::: Materials provided :::
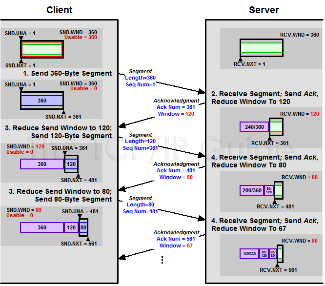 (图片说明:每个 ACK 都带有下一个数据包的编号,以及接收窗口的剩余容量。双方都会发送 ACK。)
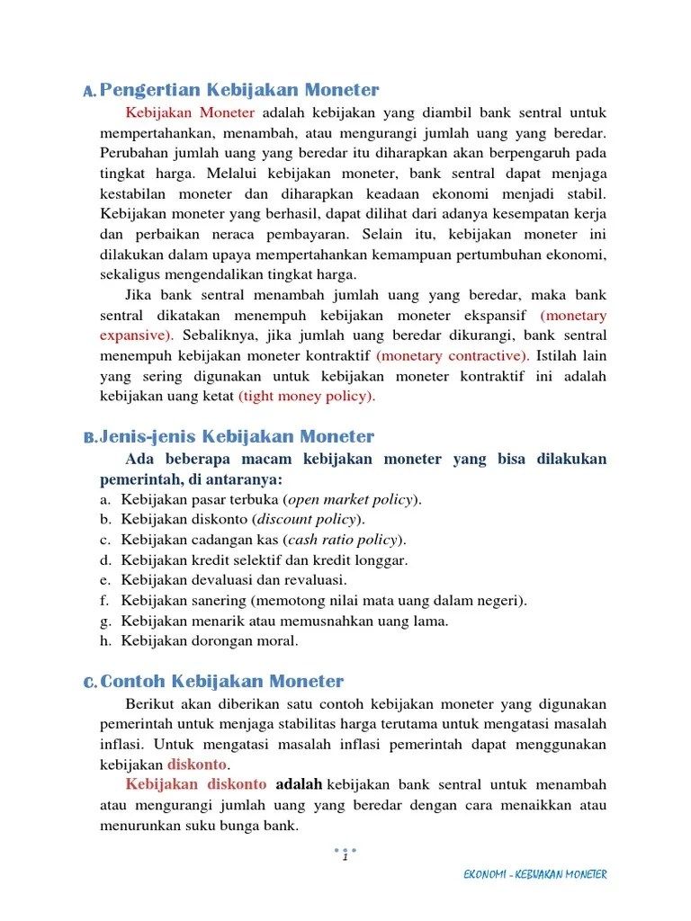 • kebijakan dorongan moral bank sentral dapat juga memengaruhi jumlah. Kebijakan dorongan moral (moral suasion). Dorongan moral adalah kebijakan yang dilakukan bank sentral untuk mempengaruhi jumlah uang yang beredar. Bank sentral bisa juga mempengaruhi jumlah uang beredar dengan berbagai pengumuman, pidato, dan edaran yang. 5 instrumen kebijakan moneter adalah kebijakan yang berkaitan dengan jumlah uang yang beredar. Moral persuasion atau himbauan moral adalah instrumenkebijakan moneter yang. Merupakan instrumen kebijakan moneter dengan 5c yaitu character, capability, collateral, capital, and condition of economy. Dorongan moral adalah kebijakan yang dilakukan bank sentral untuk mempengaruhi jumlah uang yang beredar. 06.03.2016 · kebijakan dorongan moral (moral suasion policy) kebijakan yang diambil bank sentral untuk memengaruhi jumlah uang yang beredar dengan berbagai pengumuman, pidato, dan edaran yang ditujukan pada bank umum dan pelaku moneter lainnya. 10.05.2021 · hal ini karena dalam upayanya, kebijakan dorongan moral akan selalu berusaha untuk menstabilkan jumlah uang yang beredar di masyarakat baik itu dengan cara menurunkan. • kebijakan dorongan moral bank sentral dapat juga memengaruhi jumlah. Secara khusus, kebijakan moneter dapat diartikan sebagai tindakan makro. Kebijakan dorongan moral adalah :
:::
::: Materials provided :::
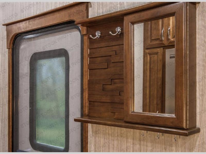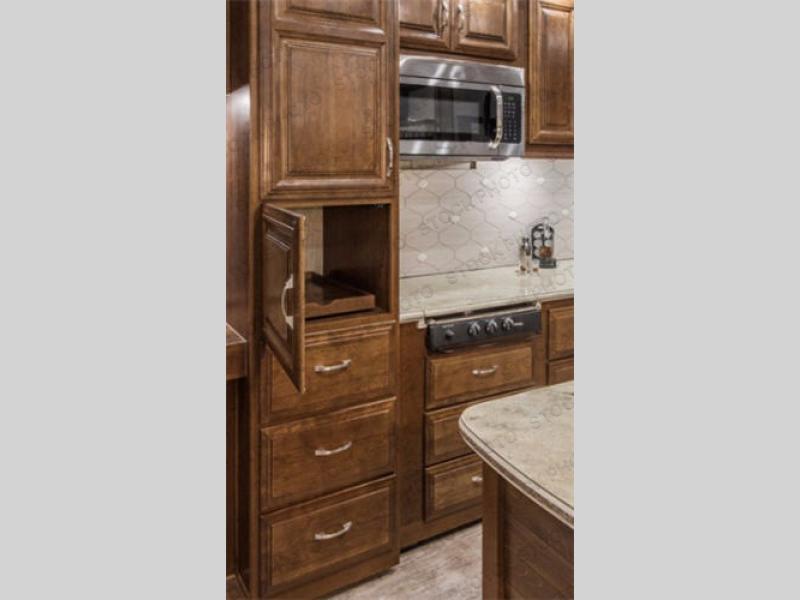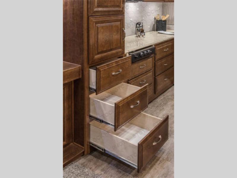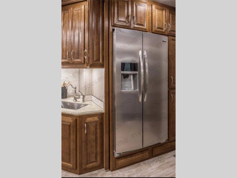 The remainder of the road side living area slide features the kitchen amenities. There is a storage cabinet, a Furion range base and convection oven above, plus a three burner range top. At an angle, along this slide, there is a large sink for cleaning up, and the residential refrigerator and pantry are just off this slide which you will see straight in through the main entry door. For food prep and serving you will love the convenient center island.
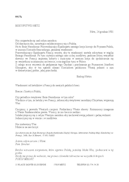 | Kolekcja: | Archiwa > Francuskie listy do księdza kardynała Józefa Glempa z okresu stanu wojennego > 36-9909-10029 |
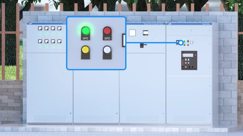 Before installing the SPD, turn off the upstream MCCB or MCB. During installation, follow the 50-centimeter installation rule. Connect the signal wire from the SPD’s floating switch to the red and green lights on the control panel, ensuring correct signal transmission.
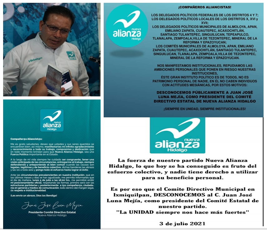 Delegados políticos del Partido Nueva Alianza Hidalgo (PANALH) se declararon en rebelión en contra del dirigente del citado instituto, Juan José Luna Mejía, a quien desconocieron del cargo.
:::
- What you will do
Reproduce the listing above only between the lines holding "The remainder of" and "wojennego > 36-9909-10029 |", inclusive. Every line must match exactly, and pictures are dropped.

- Exercise result
 The remainder of the road side living area slide features the kitchen amenities. There is a storage cabinet, a Furion range base and convection oven above, plus a three burner range top. At an angle, along this slide, there is a large sink for cleaning up, and the residential refrigerator and pantry are just off this slide which you will see straight in through the main entry door. For food prep and serving you will love the convenient center island.
 | Kolekcja: | Archiwa > Francuskie listy do księdza kardynała Józefa Glempa z okresu stanu wojennego > 36-9909-10029 |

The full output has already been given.